_WHAT IS BEING ASKED_
Reproduce the lines below exactly, starting at the one containing "2026新款欧美亚马逊跨境纯色高级感连体泳衣深V性感女泳装游泳衣" and stopping at the final line.

:: GIVEN RECORDS

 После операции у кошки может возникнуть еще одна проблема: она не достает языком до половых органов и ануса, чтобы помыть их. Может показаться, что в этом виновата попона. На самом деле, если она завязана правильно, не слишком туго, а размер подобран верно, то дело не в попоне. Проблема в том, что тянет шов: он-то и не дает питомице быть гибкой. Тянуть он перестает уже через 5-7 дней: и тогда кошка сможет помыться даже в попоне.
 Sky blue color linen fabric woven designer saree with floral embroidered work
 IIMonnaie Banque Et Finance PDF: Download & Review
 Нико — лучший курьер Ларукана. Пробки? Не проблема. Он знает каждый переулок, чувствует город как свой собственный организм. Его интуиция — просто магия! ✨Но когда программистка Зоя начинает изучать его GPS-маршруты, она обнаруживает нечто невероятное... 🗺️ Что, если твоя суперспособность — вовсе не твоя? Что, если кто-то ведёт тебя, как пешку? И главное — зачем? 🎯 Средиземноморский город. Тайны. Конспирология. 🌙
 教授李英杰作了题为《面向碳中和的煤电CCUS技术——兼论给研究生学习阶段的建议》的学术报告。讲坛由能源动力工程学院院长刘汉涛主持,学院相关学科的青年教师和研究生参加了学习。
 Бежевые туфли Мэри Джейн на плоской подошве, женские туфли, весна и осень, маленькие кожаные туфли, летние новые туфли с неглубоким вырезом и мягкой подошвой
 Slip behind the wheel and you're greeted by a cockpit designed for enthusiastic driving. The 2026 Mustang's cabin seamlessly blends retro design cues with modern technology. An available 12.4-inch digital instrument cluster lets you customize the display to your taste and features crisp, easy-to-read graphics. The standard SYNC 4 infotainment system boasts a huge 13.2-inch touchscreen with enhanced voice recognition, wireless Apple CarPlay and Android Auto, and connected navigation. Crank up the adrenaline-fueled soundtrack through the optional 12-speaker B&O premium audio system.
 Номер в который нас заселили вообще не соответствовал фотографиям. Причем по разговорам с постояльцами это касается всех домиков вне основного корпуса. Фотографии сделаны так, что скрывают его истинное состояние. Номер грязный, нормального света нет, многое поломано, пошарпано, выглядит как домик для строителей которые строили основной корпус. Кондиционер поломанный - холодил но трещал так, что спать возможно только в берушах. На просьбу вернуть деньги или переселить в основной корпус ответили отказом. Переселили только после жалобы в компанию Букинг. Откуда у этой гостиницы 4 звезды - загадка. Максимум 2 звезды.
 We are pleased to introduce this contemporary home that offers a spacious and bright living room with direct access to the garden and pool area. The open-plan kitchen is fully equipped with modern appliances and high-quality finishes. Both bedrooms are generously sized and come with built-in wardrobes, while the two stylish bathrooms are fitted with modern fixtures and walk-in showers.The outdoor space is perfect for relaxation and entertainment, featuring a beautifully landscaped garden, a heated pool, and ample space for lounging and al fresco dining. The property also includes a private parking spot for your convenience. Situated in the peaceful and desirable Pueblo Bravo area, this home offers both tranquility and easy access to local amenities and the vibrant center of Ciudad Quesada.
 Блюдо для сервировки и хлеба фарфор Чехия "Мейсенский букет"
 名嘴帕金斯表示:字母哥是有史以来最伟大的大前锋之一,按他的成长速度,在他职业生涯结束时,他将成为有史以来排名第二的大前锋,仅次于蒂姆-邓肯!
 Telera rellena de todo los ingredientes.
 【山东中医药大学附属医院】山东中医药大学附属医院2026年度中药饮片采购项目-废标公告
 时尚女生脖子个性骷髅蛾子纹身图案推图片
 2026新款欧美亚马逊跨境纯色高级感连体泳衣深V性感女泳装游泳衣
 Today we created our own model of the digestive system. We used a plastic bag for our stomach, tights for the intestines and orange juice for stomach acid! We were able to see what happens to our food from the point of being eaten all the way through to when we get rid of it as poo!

::::

_RESPONSE AREA_
 2026新款欧美亚马逊跨境纯色高级感连体泳衣深V性感女泳装游泳衣
 Today we created our own model of the digestive system. We used a plastic bag for our stomach, tights for the intestines and orange juice for stomach acid! We were able to see what happens to our food from the point of being eaten all the way through to when we get rid of it as poo!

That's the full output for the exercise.